Tattoo Artists Are Not The Most Organized Of The Business Community
I have a Yankee tattoo. No, I’m not a bandwagoner I got it in 1997 after I went my adult life with one or two Yankee playoff appearances.
Anyway, I have been toying w/ getting another one since then and ultimately decided I would et one once I got one of my stories published. Well, Infestation was published on Pseudopod.org on June 5th so now I was ready.
I have a symbol that I created for my “novel” that I hope to one day publish. So, all I need is an artist. Easy right?
The first guy was a whackjob. I coudn’t get him to send me his rendition of my design. He had every excuse in the book including the “I needed to go on a journey to Florida to pick up my wife and kid then drive all the way back unexpectedly” story. A friend of mine who knew his boss said something after my trying to get in touch with him for 2 months and the artist makes a startling revelation. Apparently he visited me in an alternate reality where he told me that water, from out of nowhere, decided to pour itself all over my design turning it to mush. Let call this reality the “Bull Shit” reality. In Bull Shit reality he has repeatedly asked me for another copy and I keep telling him that I will e-mail it to him but, sadly never do. Bull Shit reality me seems to be a it of an asshole. I decided to leave this artist to wallow without me in Bull Shit reality.

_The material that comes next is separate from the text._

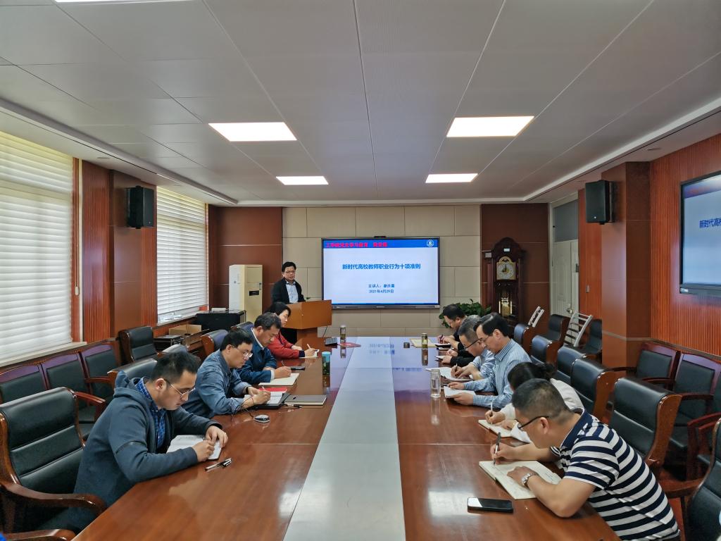 在工程楼A201会议室举行党史学习教育活动,院长廖庆喜教授讲授了《新时代高校教师职业行为十项准则》专题党课。学院领导班子成员、教工党支部书记、教师代表等参加此次学习。

Next I hit it off with a woman who quickly whips me up a design. I love what I see but would like to see variation or two since it will be inked permanently on my flesh. My apt. is in 2 days and she has apparently dropped off the face of the earth for the last month. Now I will be forced to go into my apt. and request that she whip another design or two prior to taking needle to my skin.
Should it be this hard to pay someone for a service?